[Opening Exercise inputs section]
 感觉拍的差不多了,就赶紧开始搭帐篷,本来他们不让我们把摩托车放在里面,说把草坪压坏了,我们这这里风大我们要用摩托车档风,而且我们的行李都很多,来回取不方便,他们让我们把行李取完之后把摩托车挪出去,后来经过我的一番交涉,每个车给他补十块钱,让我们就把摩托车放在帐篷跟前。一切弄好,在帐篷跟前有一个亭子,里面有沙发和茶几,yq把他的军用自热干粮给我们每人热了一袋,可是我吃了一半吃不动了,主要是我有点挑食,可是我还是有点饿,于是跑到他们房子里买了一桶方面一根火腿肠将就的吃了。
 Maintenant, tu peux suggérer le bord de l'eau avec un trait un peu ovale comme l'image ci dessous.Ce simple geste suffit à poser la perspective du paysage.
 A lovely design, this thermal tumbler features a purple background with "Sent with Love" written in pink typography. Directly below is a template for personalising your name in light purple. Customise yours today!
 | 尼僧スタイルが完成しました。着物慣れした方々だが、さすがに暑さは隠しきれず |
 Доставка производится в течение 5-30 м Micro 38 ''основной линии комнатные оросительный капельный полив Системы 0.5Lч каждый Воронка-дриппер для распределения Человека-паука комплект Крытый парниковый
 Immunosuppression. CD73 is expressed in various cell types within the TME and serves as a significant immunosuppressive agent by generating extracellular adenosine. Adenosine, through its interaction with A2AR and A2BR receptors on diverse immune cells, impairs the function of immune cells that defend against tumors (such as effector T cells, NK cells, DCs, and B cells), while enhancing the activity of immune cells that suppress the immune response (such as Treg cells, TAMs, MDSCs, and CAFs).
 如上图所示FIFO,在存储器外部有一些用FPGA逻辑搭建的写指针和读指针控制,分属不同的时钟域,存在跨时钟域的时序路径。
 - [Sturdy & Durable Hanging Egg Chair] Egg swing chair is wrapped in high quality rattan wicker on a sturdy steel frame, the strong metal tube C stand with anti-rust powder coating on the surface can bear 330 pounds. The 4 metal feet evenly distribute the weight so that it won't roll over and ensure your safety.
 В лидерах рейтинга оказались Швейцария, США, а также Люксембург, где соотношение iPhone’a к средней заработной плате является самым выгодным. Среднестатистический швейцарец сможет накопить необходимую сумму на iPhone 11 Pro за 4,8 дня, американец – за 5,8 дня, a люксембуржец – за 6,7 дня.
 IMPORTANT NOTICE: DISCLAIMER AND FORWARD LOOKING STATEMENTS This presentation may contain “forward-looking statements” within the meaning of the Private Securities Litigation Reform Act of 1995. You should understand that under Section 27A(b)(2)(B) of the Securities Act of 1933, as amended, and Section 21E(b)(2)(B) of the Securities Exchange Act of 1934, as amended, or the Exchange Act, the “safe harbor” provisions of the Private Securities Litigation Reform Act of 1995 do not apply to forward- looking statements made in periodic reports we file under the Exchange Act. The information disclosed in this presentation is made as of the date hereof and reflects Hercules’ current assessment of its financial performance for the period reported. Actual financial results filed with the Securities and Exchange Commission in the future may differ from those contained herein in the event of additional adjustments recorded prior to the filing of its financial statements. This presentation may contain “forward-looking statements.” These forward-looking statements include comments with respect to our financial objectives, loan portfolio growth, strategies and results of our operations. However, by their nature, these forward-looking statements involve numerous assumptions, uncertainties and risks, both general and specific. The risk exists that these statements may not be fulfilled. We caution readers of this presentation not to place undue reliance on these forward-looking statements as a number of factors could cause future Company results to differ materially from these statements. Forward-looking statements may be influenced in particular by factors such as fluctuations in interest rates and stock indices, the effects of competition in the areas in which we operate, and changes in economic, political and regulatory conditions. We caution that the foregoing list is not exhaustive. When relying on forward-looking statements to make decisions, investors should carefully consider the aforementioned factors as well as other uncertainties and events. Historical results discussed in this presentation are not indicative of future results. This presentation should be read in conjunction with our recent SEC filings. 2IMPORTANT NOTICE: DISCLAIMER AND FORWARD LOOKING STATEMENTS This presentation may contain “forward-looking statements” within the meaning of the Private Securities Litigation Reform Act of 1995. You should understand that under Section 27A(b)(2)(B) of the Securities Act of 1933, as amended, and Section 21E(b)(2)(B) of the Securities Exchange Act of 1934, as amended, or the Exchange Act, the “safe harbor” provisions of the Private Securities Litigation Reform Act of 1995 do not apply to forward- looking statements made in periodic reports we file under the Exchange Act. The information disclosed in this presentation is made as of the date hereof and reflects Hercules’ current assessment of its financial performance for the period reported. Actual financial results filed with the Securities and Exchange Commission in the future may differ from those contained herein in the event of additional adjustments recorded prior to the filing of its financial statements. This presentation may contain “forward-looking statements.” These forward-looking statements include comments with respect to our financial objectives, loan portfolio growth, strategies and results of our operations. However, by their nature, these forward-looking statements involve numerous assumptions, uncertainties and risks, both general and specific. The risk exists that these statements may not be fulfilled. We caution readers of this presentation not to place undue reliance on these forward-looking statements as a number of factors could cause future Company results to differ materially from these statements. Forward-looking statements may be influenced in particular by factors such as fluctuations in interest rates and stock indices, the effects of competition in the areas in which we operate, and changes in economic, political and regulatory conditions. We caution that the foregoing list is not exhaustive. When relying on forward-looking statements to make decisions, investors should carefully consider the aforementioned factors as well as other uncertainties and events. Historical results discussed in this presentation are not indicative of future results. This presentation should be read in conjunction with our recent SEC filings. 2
[Closing Exercise inputs section]
→ What this task involves
State how many lines in the listing above contain "your". Offer nothing besides that number.

→ Completed exercise
2